A situação frustrou os ambientalistas, que tentaram sem sucesso acionar os gestores da APA Marinha e da APA Ilha Comprida, falaram pelo whatsapp, diretamente com um vereador, com dois militares, um deles responsável pelo policiamento de Ilha Comprida e com a prefeita. A chegada de uma viatura da PM, minutos após a saída dos infratores, levantou suspeitas de um possível vazamento de informações. A questão permanece: qual órgão falhou em sua responsabilidade? A falta de coordenação e o receio de agir deixam uma área vulnerável e expõem a fragilidade de um sistema que deveria proteger essa região.

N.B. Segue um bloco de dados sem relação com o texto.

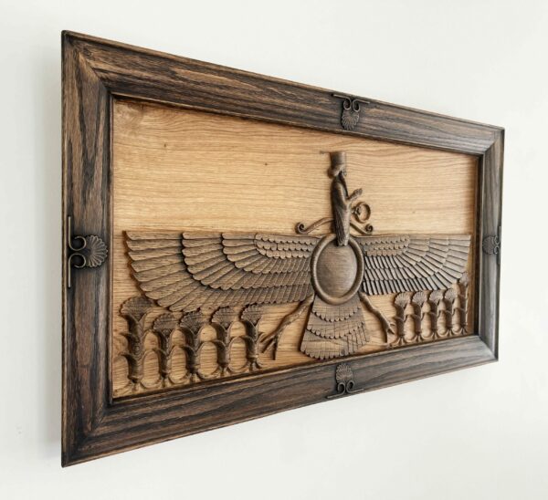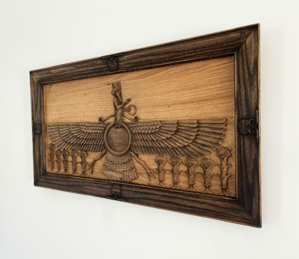 Ahura Mazda Sclupté en bois 80×43 (recadré)

A ausência de ações eficazes e de cooperação entre as autoridades revela um cenário preocupante de negligência que exige uma resposta urgente. A proteção ambiental não pode ser tratada como uma responsabilidade secundária, especialmente em áreas tão ricas em biodiversidade e importância ecológica. A Operação Delegada, serve justamente para que o município se prepare para situações como essa, em fim de semanas prolongados e alta temporada, já que o número de turistas na cidade aumenta exponencialmente. É questão de planejamento administrativo, de todos os órgãos: Fundação Florestal, Polícia Militar e Prefeitura.
A dúvida de toda população é: de quem é a responsabilidade?
Marcus Pontes Caduti é membro da associação de pescadores da ponta norte de Ilha Comprida.